March 03, 2012
On Saturday, 3 March 2012 at 22:24:59 UTC, Walter Bright wrote:
> On 3/3/2012 12:29 PM, Sandeep Datta wrote:
>> I would recommend doing what Microsoft does in this case, use SEH (Structured exception handling) on windows i.e. use OS facilities to trap and convert hardware exceptions into software exceptions.
>
> D for Windows already does that.
>
> It's been there for 10 years, and turns out to be a solution looking for a problem.

Getting a stack trace without having to start a debugger is kinda nice.
March 04, 2012
> It's been there for 10 years, and turns out to be a solution looking for a problem.

I beg to differ, the ability to catch and respond to such asynchronous exceptions is vital to the stable operation of long running software.

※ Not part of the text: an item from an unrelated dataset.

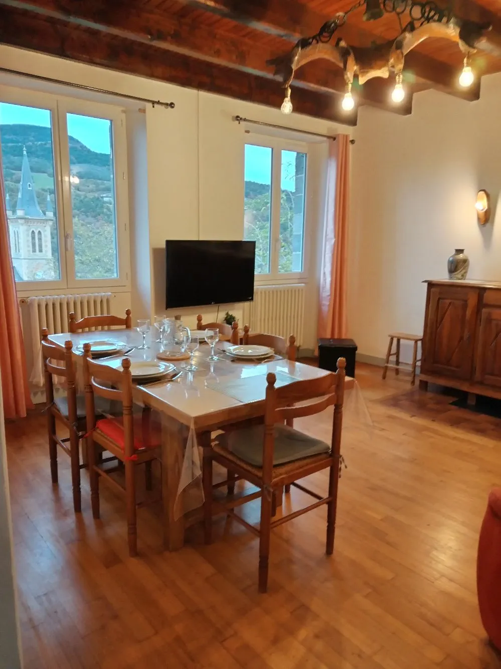 Salon : table et chaises pour 6 personnes , canapé, TV pas de wifi le téléphone passe bien
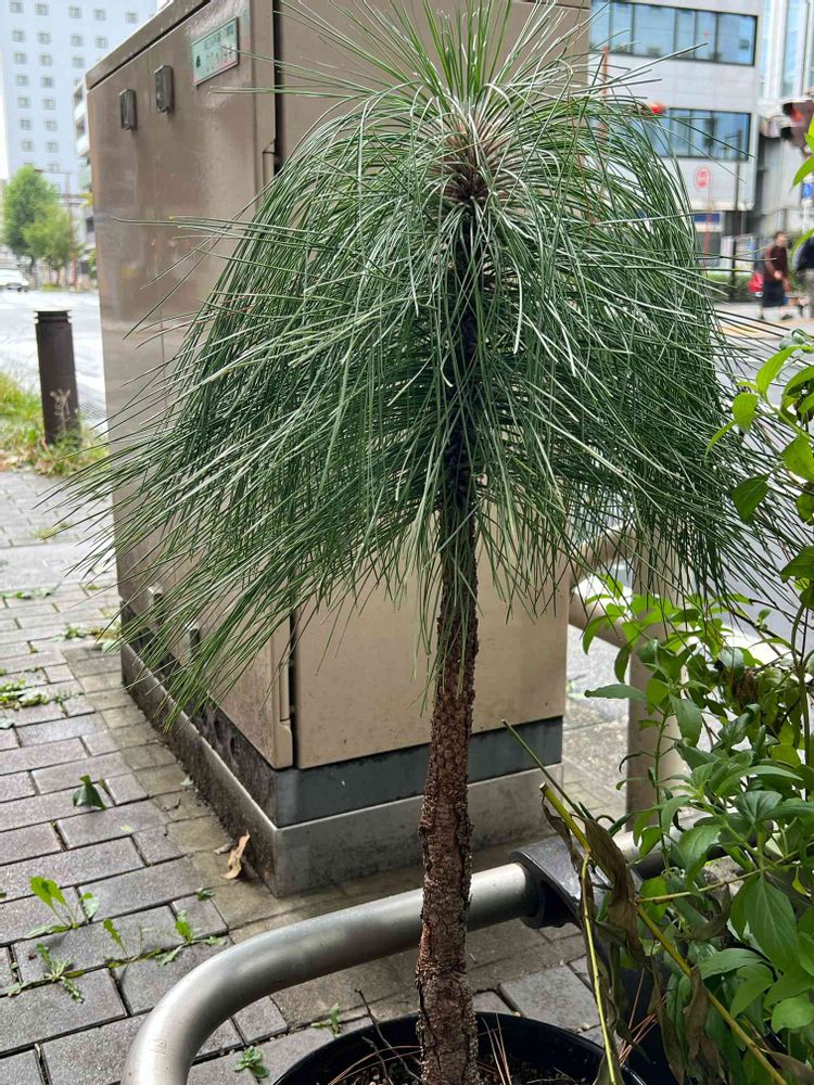 台風が去った後のオフィス街の歩道。小さなプランターに入ってるけどもしやこれはダイオウショウ(ダイオウマツ)?

It is not hard to see how this can be useful in programs which depend on plugins to extend functionality (e.g. IIS, Visual Studio, OS with drivers as plugins etc). A misbehaving plugin has the potential to bring down the whole house if hardware exceptions cannot be safely handled within the host application. Thus the inability of handling such exceptions undermines D's ability to support dynamically loaded modules of any kind and greatly impairs modularity.

Also note hardware exceptions are not limited to segfaults there are other exceptions like division by zero, invalid operation, floating point exceptions (overflow, underflow) etc.

Plus by using this approach (SEH) you can eliminate the software null checks and avoid taking a hit on performance.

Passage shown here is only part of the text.